Chinese Academy of Sciences Key Laboratory of Computational Biology, Chinese Academy of Sciences and Max Planck Society (CAS-MPG) Partner Institute for Computational Biology, Chinese Academy of Sciences, Shanghai, China.
PLoS One. 2011;6(11):e27341. doi: 10.1371/journal.pone.0027341. Epub 2011 Nov 7.
It has been shown that the human genome contains extensive copy number variations (CNVs). Investigating the medical and evolutionary impacts of CNVs requires the knowledge of locations, sizes and frequency distribution of them within and between populations. However, CNV study of Chinese minorities, which harbor the majority of genetic diversity of Chinese populations, has been underrepresented considering the same efforts in other populations. Here we constructed, to our knowledge, a first CNV map in seven Chinese populations representing the major linguistic groups in China with 1,440 CNV regions identified using Affymetrix SNP 6.0 Array. Considerable differences in distributions of CNV regions between populations and substantial population structures were observed. We showed that ∼35% of CNV regions identified in minority ethnic groups are not shared by Han Chinese population, indicating that the contribution of the minorities to genetic architecture of Chinese population could not be ignored. We further identified highly differentiated CNV regions between populations. For example, a common deletion in Dong and Zhuang (44.4% and 50%), which overlaps two keratin-associated protein genes contributing to the structure of hair fibers, was not observed in Han Chinese. Interestingly, the most differentiated CNV deletion between HapMap CEU and YRI containing CCL3L1 gene reported in previous studies was also the highest differentiated regions between Tibetan and other populations. Besides, by jointly analyzing CNVs and SNPs, we found a CNV region containing gene CTDSPL were in almost perfect linkage disequilibrium between flanking SNPs in Tibetan while not in other populations except HapMap CHD. Furthermore, we found the SNP taggability of CNVs in Chinese populations was much lower than that in European populations.
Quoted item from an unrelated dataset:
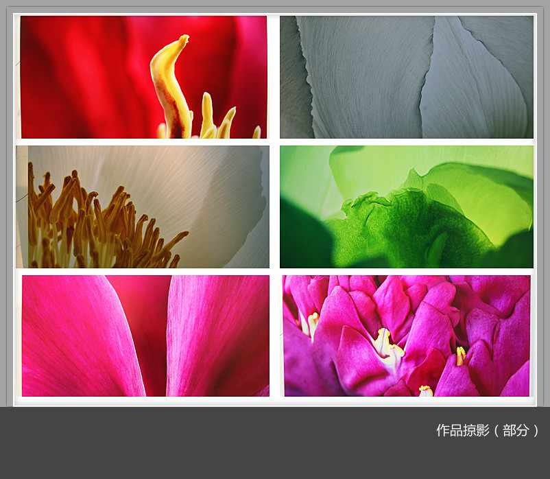展览共展出44件摄影作品,作者通过镜头的景深与虚实,对牡丹进行“微距抽象”式的专题拍摄,从微观细节的方向出发,建构出了一种超越寻常观看经验的、纯粹的视觉形式,同时为我们呈现出技术带给我们的极致视觉感受,疏密、简繁、冷暖、浓淡……作品体现了作者高超的摄影技术和独具魅力的艺术视角和艺术表现力。

Our results suggest the necessity of a full characterization of CNVs in Chinese populations, and the CNV map we constructed serves as a useful resource in further evolutionary and medical studies.
已证实人类基因组中存在广泛的拷贝数变异(CNVs)。研究 CNVs 对医学和进化的影响需要了解其在人群内和人群间的位置、大小和频率分布。然而,考虑到其他人群所做的相同努力,对中国少数民族(拥有中国人口的大部分遗传多样性)的 CNV 研究却一直不足。在此,我们构建了中国七个主要语言群体的第一个 CNV 图谱,使用 Affymetrix SNP 6.0 阵列鉴定了 1440 个 CNV 区域。观察到人群之间的 CNV 区域分布存在显著差异和较大的人群结构。我们表明,少数民族群体中鉴定出的约 35%的 CNV 区域不被汉族人群共享,这表明少数民族对中国人口遗传结构的贡献不容忽视。我们进一步鉴定了人群之间高度分化的 CNV 区域。例如,在汉族中未观察到 Dong 和 Zhuang 群体(44.4%和 50%)共有的常见缺失,该缺失重叠了两个角蛋白相关蛋白基因,对毛发纤维的结构有贡献。有趣的是,之前研究报道的 HapMap CEU 和 YRI 之间差异最大的 CNV 缺失,也存在于藏人和其他人群之间。此外,通过联合分析 CNVs 和 SNPs,我们发现一个包含 CTDSPL 基因的 CNV 区域,在藏族人群中,侧翼 SNPs 之间几乎完全处于连锁不平衡状态,而在其他人群中除了 HapMap CHD 之外均不存在。此外,我们发现中国人群中 CNVs 的 SNP 可标记性远低于欧洲人群。我们的研究结果表明,有必要对中国人群中的 CNVs 进行全面表征,我们构建的 CNV 图谱可作为进一步进化和医学研究的有用资源。